9番手スタートのKy.ブッシュは序盤7位前後を走行していたが、30周目にコンペティション・コーションが出され、各車ピットへ向かうと、ここで2本タイヤ交換作戦を採ってポジションを上げ、34周目に首位浮上。その後実兄のカート・ブッシュ(ダッジ)と首位争いを展開した。
70周目にこの日2度目のイエローコーションが出され、各車再びピットイン。ここでタイヤを4本交換したKy.ブッシュは若干順位を落とすものの、トップ10はキープ。一方で、20位前後を走行していたハムリンは、再スタート後にタイヤの異常振動に見舞われるアクシデント。グリーン下での再ピットインを強いられ、周回遅れとなってしまった。
その後"ラッキー・ドッグ"(イエローコーション発生時に周回遅れの最上位が首位と同一周回に戻れる措置)獲得を狙っていたハムリンだったが、なかなかイエローコーションは出ず、次のピット作業は全車グリーン下でとなったため、更に後れを取ることとなってしまった。
145周目にようやくこの日3度目のイエローコーションが出され、全車ピットイン。トップ5を走行していたKy.ブッシュがこのピット作業で大きくタイムロスを喫し、19位へと後退。しかし、Ky.ブッシュはそこから猛烈な追い上げを開始し、4回目のイエローコーションからの再スタートとなった170周目過ぎにはトップ10圏内まで復帰した。
上位を"チェイス"のドライバーが占める中、"チェイス"外のドライバーでは、マーティン・トゥルークス・Jr.が好走を見せ、後半はトップ10圏内をキープ。204周目にこの日5度目、213周目に6度目のイエローコーションが連続で出されると、上位勢が両方でピットインする中で、6度目はコース上に残ったトゥルークス・Jr.が残り50周の時点で首位に立った。
また、この6度目のコーションでは、序盤ピットロードでのスピード違反と、壁へのクラッシュで周回遅れとなっていたケイシー・カーンが"ラッキー・ドッグ"を獲得し首位と同一周回に復帰した。

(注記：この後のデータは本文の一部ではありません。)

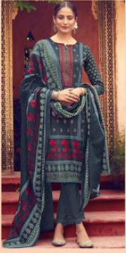
✽ 1001 ✽
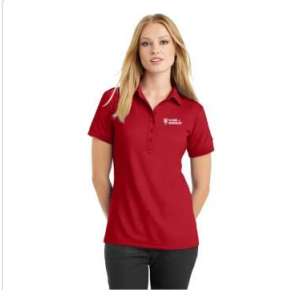
OGIO - Jewel Polo. OGIO - Jewel Polo. Imperfectly designed for women everywhere, the Jewel has a contoured fit and streamlined style. 8-ounce, 100% poly pique with SOFN-LOGIO1 $47.00 and up Favorite

https://sofn.logoshop.com/ProductResults/?ProdSetIds=109764
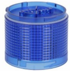
Signal tower Ø70mm/2.75" LTN70
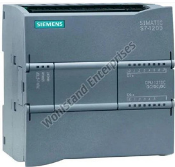
Siematic S7-1200 CPU 1212C Compact Controller
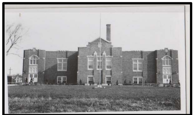
Figure 4 Historic view
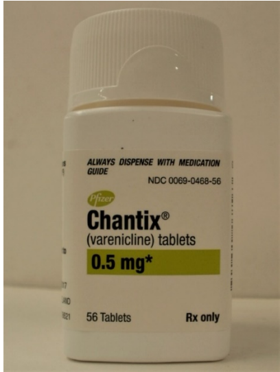
Chantix (varenicline) Tablets 0.5 mg Tablets
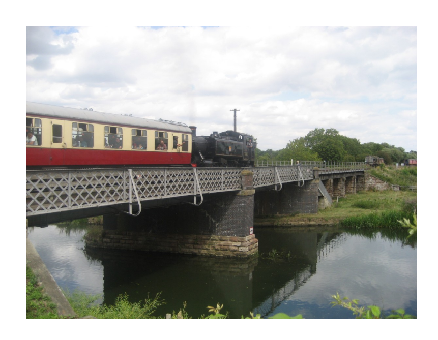
Tewin Visits The Nene Valley Railway
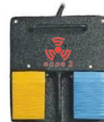
Monopolar Double Pedal Footswitch
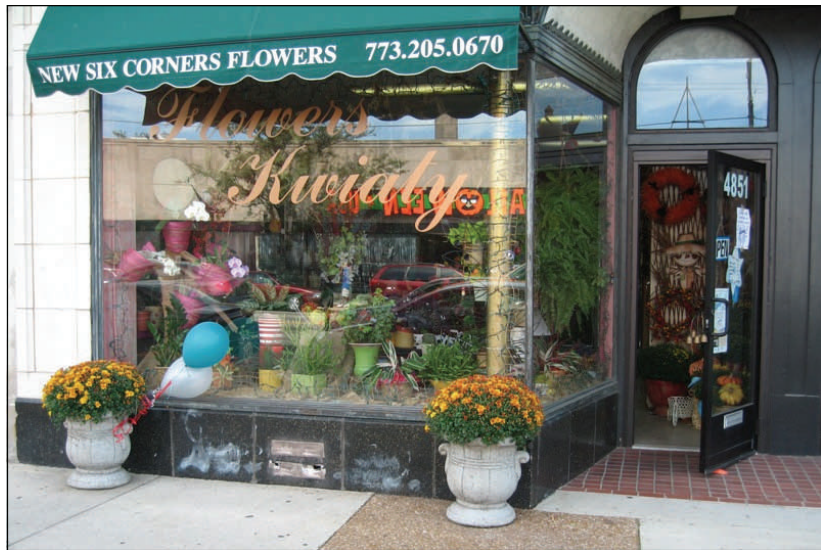
News Six Corners Flowers, 4951 W. Irving Park Road, always has an attractive floral display inside and outside the shop, leaving no doubt what this business sells.

3. Follow the Rule of Three by grouping or displaying items in threes. Display three items of the
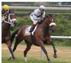
Love Match
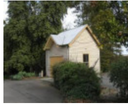
Coach housegarage (B5).jpg
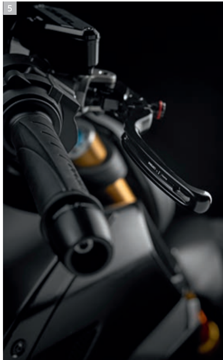
A 5 Brake lever A
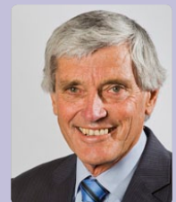
David Parkin Mayor

Representations made by South Australian Councils on behalf of those affected by this decision have been unsuccessful. I encourage concerned citizens to express their view to their State and Federal Members of Parliament (including Members of the Legislative Council where the opportunity exists to influence legislation on this matter) and press for a favourable resolution to the issue.
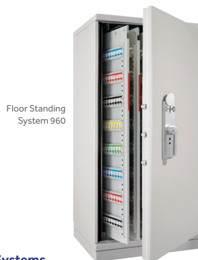
Floor Standing System 960
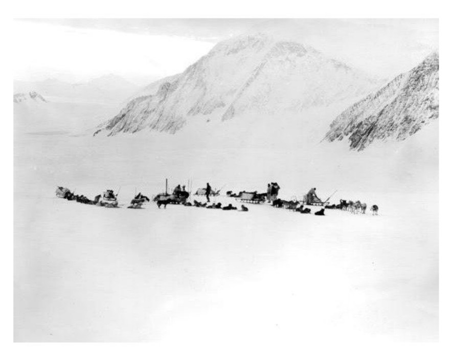
Figure 6. Fifty-five dogs on Mile High Plateau August 1940

Hilton's team decided to have no more, turned the team around and began to race downhill. Just at the edge of a drop-off, Hilton was able to stop them by digging his crampons into the icy surface (Black, 1941a, p. 77). A disaster had been avoided.
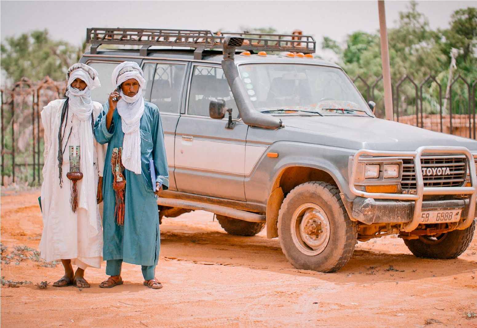
Agro-pastoral mediation in the Sahel - © HD

A military coup in Mali in 2020 underscored the fragility and turmoil surrounding the transition to a new government while also stalling HD's planned consultations on how to revive the 2015 Algiers Agreement. Still, HD was able to work with security management frameworks in the northern Timbuktu and Gao regions and mediate with armed groups in the Diré area.
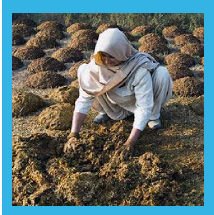
| Cowdung Sampling.

just heard from one of my former students who is working in Juba, South Sudan, who wrote: "I am trying to explain the 'snowball' technique of sampling, which is a nightmare for Africans who have no clue what a snowball is.
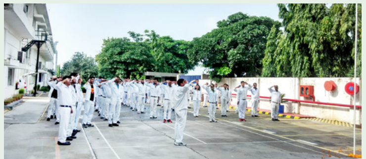
Sandhar Automotives, Dhumasapur
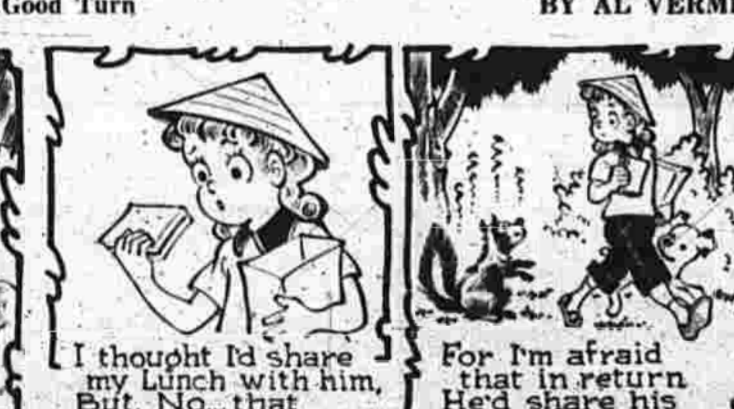
One Good Turn
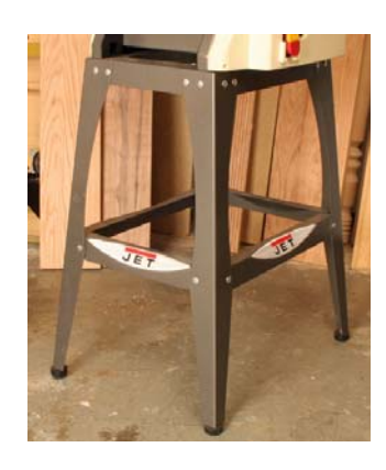
The optional stand kit lets you use the JET 8" Jointer/Planer as a stand alone unit.

If you have a small shop or workspace, the JET 8" Jointer/Planer could be for you. Despite its space saving footprint, the JET 8" Jointer/Planer includes many full-sized machine features, accuracy and power. The user-friendly features mean you will be up and running in no time.
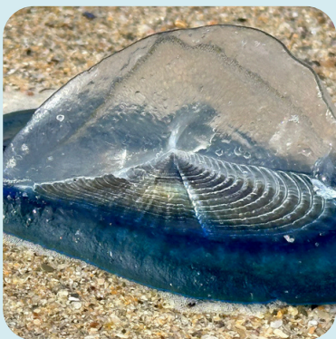
By The Wind Sailor ( Velella velella )
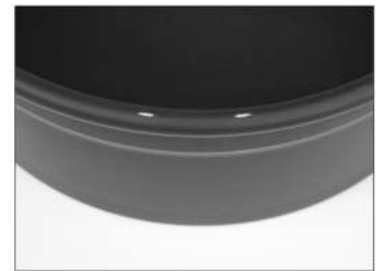
Grip marks from our anodizing process.
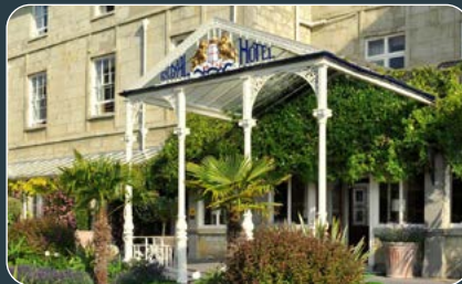
ROYAL HOTEL ISLE OF WIGHT
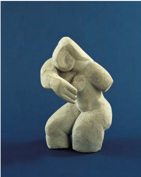
Suzanne, 1909 Alexander Archipenko (Russian/American, 1887-1964) Limestone 15-3/8 x 10 x 8-5/8 in. (39.0 x 25.4 x 21.9 cm) Norton Simon Museum, The Blue Four Galka Scheyer Collection

We are pleased to provide the following images for publicity relating to the exhibition. To receive digital versions of the images, please contact the External Affairs department at (626) 844-6900 or media@nortonsimon.org .
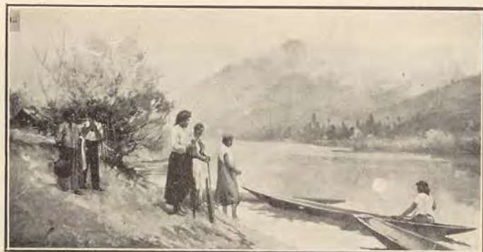
No. 114. ON THE WAIKATO.
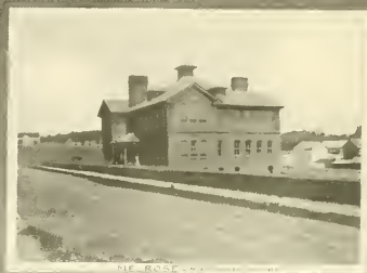
E. C. SCHOOL
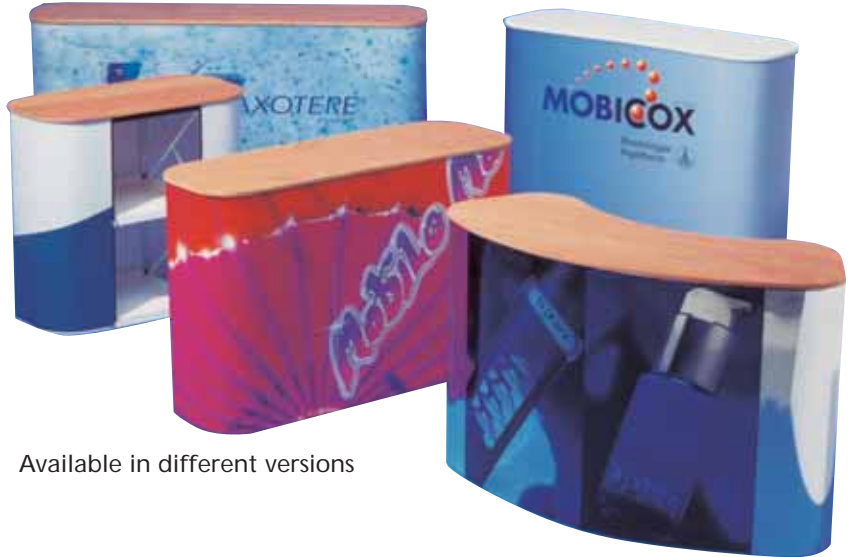
Available in different versions
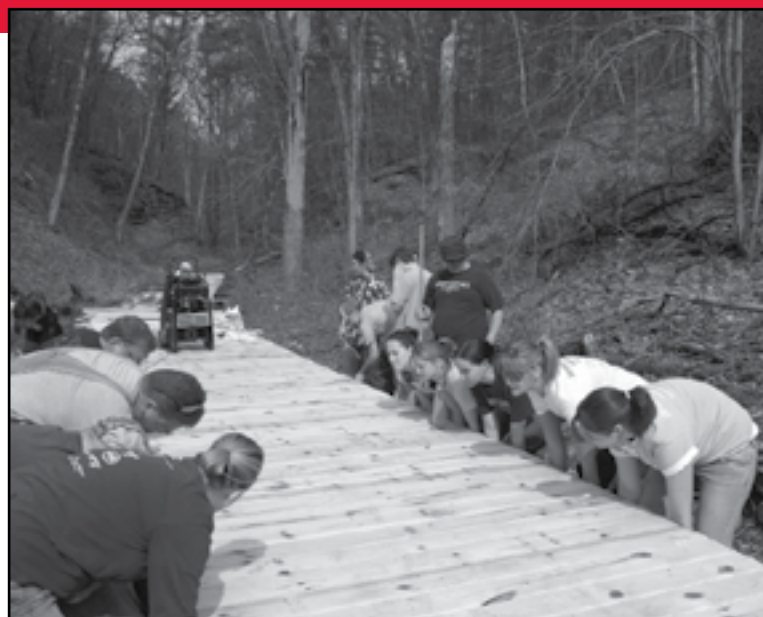
Volunteers from a number of businesses and community groups worked together to build a boardwalk that will be shared by campers from Camp Wawbeek and Respite Camp.
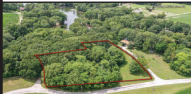
TBD RUNNING DEER LN. - CARLINVILLE [ $25,000 ] RES. LOT POND/LAKE, SOME WOODED
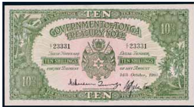
3515* Tonga , Government of Tonga, Treasury Note, ten shillings, 24th October, 1960, C/1 23331 (P.10d). Uncirculated. $100
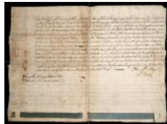
Deed from Mohawk Indians, 1751 (NYSA_A0272-78_V26_p127)
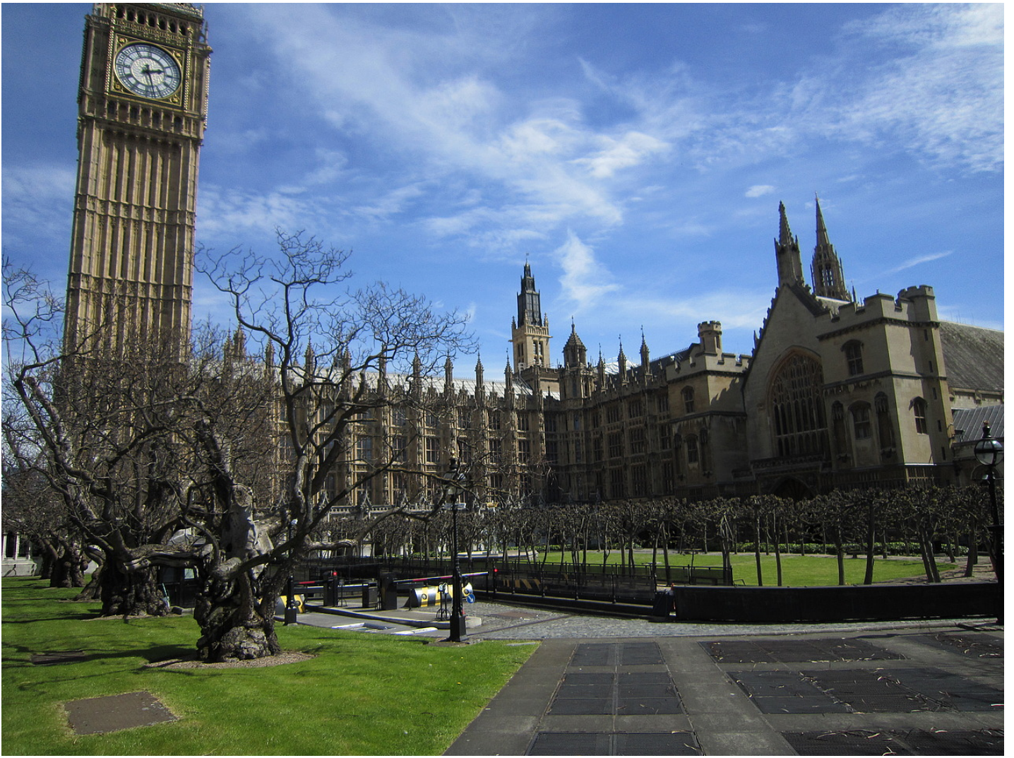
Big Ben and Houses of Parliament
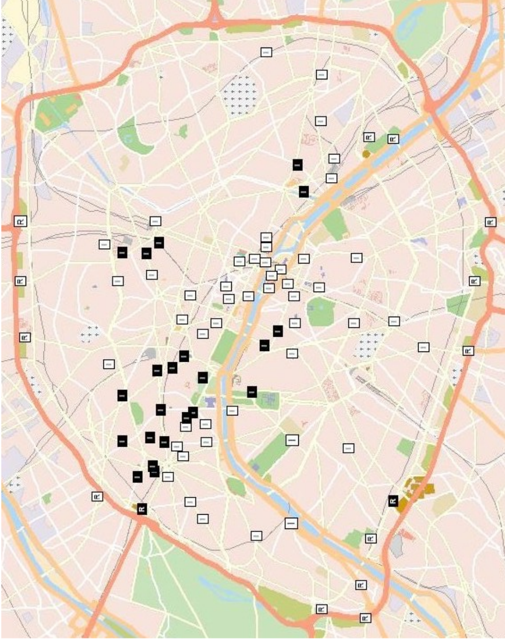
Figure 1: Black squares: Directly affected city-owned parking lots for r=900m . White squares: Other city-owned lots. The labels “T” and “R” stand for “Inner Paris” and “Ring road area” in equation (3).
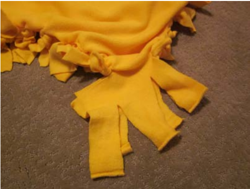
Improperly cut corners
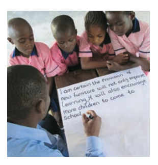
Ask the pupils to say a clear sentence to end the letter.
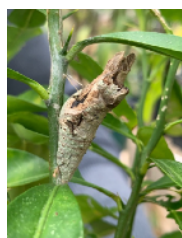
This Giant Swallowtail Chrysalis Overwintered on a Container Citrus Tree and Was Discovered in Late Winter

Less well known are the butterflies that overwinter in a dormant state; these are a large majority of butterfly species. How they spend the winter depends on where they are in their life cycle: either as an egg, a caterpillar, a pupa (chrysalis), or adult. Red Banded and Coral Hairstreaks are examples of butterflies that overwinter as eggs, which are laid in leaf litter on the ground or at the base of their host plant. When the weather warms in the spring, caterpillars emerge from the eggs and begin feeding on nearby host plants. Some butterflies, such as Red Spotted Purples or Eastern Tailed Blues, overwinter as caterpillars buried in leaf litter or soil, in seed pods, or on the leaves of plants. As the weather warms, they begin feeding and growing. As pupae (chrysalises), overwintering butterflies are attached to overhangs or deep in shrubbery (I have found chrysalises attached to an Adirondack chair, my house, under the stairs, and on a citrus tree branch.) Tiger, Black, and Giant Swallowtails and Spring and Summer Azures overwinter in the chrysalis stage and emerge as butterflies in the spring or early summer when nectar flowers are available. A minority of overwintering butterflies are adults, including Question Marks and Commas, Sulphurs, Buckeyes, and Mourning Cloaks. They seek shelter in cracks in rocks or tree bark, in log or brush piles, or in tree or shrub cavities. As adults, they are the earliest butterflies to be seen in late winter or early spring in our area.
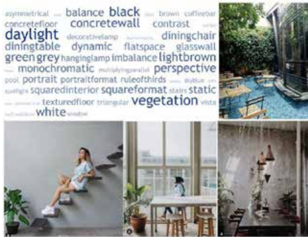
Figure 6 Word cloud text analysis result for all coffee shop samples

in a frame is what is needed for a self-expression. Thus, coffee shops that have this interior setting are preferred to become a photography object which relates to the need of self-expression in today's culture.
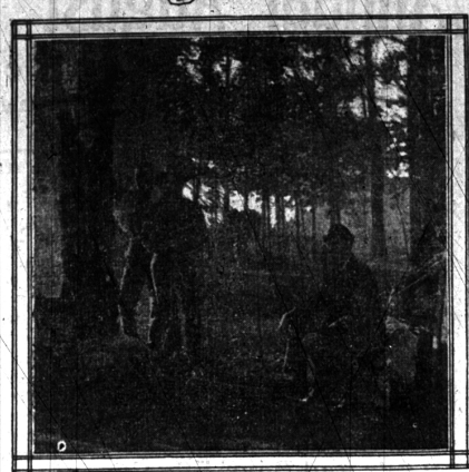
Round Dairy Barn.

In the early days when lumber was cheap, buildings were built of logs, or at least last heavy frames. Upon these conditions the rectangular barn was the one naturally used, and people have followed in the footsteps of their forefathers in continuing this form of barn. The result is that the economy and advantages of the round barn have apparently never been considered.
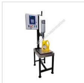
Lubricant Filling Machine
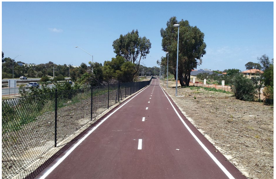
Pedestrians and cyclists will benefit from the extension of the shared path along the freeway.
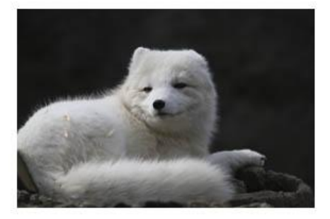
Artic Fox-Jim Basinger
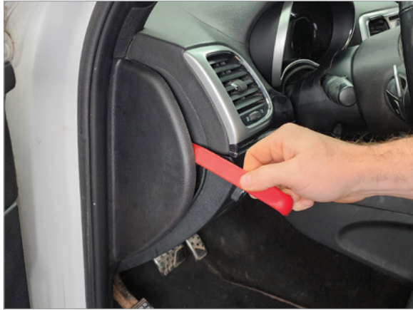
1 Remove dash side panel
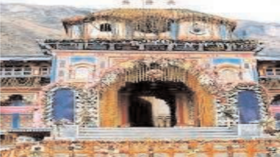
Commissioner News Services
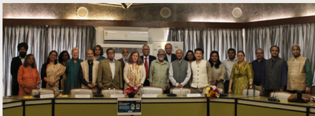
Participants at the Round Table on Innovation: Comparing China with the United States and Europe
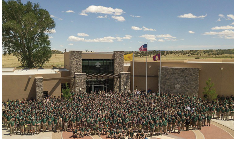
The National Scouting Museum opened its doors to the public in May 2018. Pictured are the 2018 Philmont summer seasonal staff in front of the completed facility.

The National Scouting Museum's Philmont home will be the primary place to see Scouting memorabilia, but the BSA's expansive collection of Scouting collectibles will be spread far and wide. Additionally,
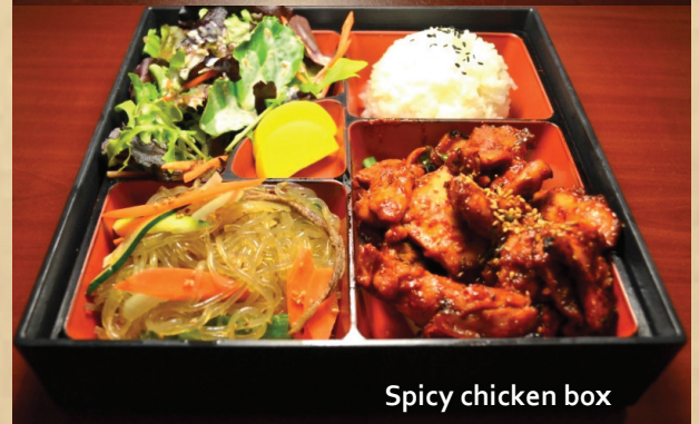
Spicy chicken box

終盤首位争いを展開したトゥルークス・Jr.は、さすがに最後までは燃料が持たず、253周目にピットイン。トゥルークス・Jr.よりも10周ほど後に給油を行った上位勢にとっては、最後まで燃料をもたせられるかの燃費戦となった。
Ky.ブッシュは8位を走行していたが、ファイナルラップを示すホワイトフラッグが降られた直後、痛恨の燃料切れ。チェッカーフラッグを受けることができず、1周遅れの22位でレースを終えることとなった。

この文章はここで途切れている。